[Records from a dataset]
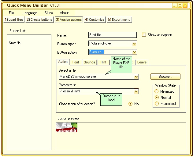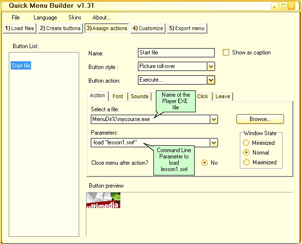 After defining buttons to invoke e.g. lesson 1, lesson 2 you specify in the Assign actions Tab the Button action: Execute... to invoke the Multimedia Player.exe file.
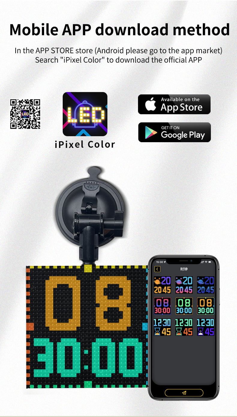 2. التحكم عن بُعد: مناسب لأنظمة iOS وAndroid. يمكنك مسح رمز الاستجابة السريعة الموجود في الدليل لتنزيل التطبيق. سهولة التحكم في شاشة LED عن طريق توصيل الهاتف عبر البلوتوث.
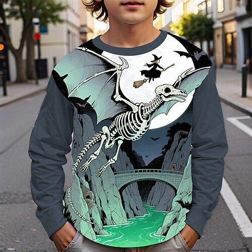 Halloween Jungen 3D Dinosaurier T-Shirt Langarm Frühling Herbst Mode Basic Kinder 4-12 Jahre Rundhalsausschnitt Outdoor Lässig Täglich Normale Passform
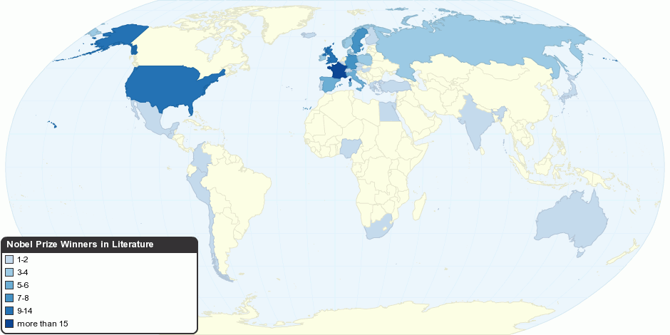 This chart shows current Nobel Prize Winners in Literature ranked by country. The Nobel Prize Winners in Literature has been awarded 107 Nobel Laureates between 1901 and 2010.
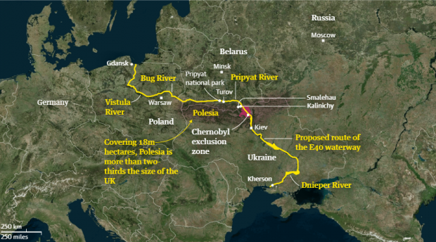 The E40 would stretch from Gdansk in Poland to Kherson in Ukraine, impacting five rivers en route: the Vistula, the Bug, the Pina, the Pripyat and the Dnieper, according to the feasibility study led by the Maritime Institute in Gdansk. At its closest it would pass only 2.5km from the Chernobyl nuclear reactor, potentially contaminating a reservoir downstream that provides water for 2.8 million people in Kyiv.
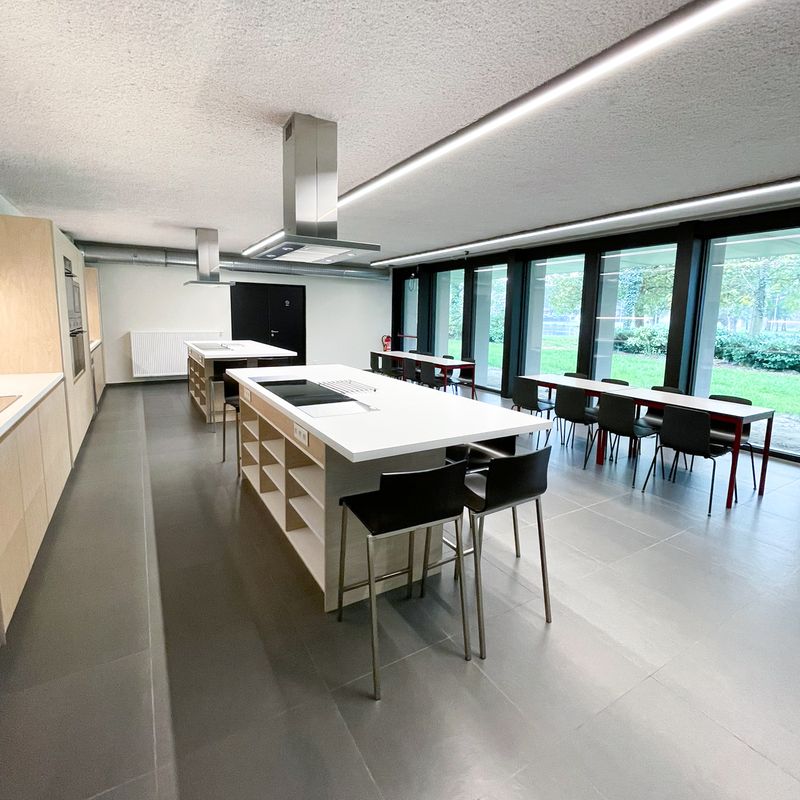 Deze volledig uitgeruste leskeuken van 78 m² is de ideale setting voor culinaire workshops, teambuildings of opleidingen. Met twee ruime keukeneilanden en voldoende werkplekken biedt de ruimte zowel functionaliteit als inspiratie. Het uitzicht op de vijvers creëert een rustige sfeer die creativiteit en samenwerking stimuleert. De leskeuken kan daarnaast gecombineerd worden met zaal ZILVER voor extra capaciteit of een uitgebreid programma.
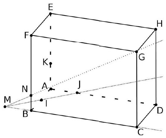 Remarque : nous pouvons calculer rapidement la distance BN en utilisant 2 fois le théorème de Thalès. $\left{\begin{aligned}(A J) / /(B M) & \ I & \in[A B] \ I & \in[J M]\end{aligned} \quad\right.$ donc $: \frac{M B}{J A}=\frac{B I}{A I} \quad$ soit : $\frac{M B}{1}=\frac{1}{1} \quad$ et donc : $M B=1$.
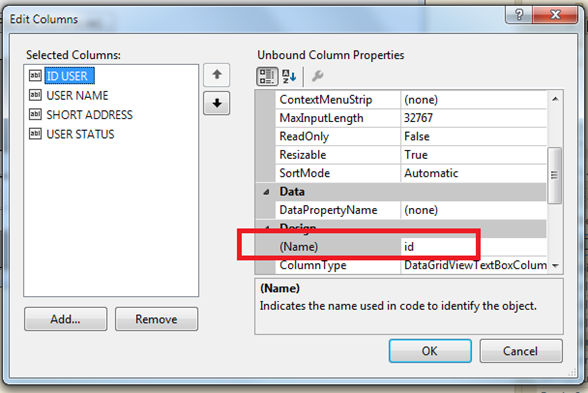 This button returns a list of class _user, and fills the grid. For this exercise columns were created in the grid, then the properties of the _user class are traversed and the Name value is assigned to the property of the dataGridView2.Columns [n] .DataPropertyName,
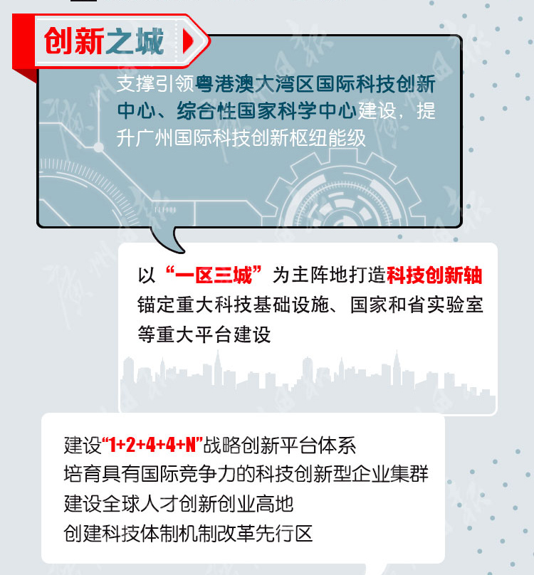 《纲要》强调,要统筹推进科技创新轴、战略创新平台体系建设和产业技术创新能力提升,建设创新之城,将广州打造成为具有全球影响力的科技创新高地。
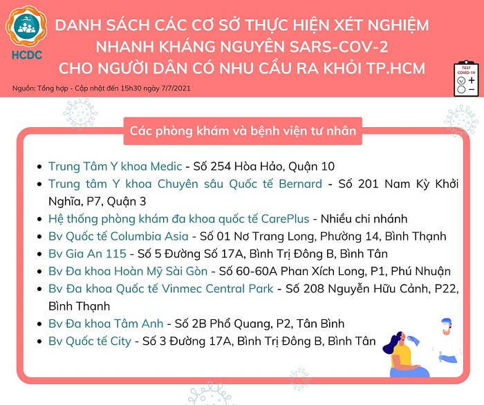 Thông tin cập nhật bởi Trung tâm Kiểm soát Bệnh tật TP.HCM (HCDC) tính đến 15h30 ngày 7/7.

Exercise details ::
Your output should be the lines above from the one that contains "Halloween Jungen 3D" through the one that contains "The E40 would", word for word, with pictures left out.

Exercise answer ::
 Halloween Jungen 3D Dinosaurier T-Shirt Langarm Frühling Herbst Mode Basic Kinder 4-12 Jahre Rundhalsausschnitt Outdoor Lässig Täglich Normale Passform
 This chart shows current Nobel Prize Winners in Literature ranked by country. The Nobel Prize Winners in Literature has been awarded 107 Nobel Laureates between 1901 and 2010.
 The E40 would stretch from Gdansk in Poland to Kherson in Ukraine, impacting five rivers en route: the Vistula, the Bug, the Pina, the Pripyat and the Dnieper, according to the feasibility study led by the Maritime Institute in Gdansk. At its closest it would pass only 2.5km from the Chernobyl nuclear reactor, potentially contaminating a reservoir downstream that provides water for 2.8 million people in Kyiv.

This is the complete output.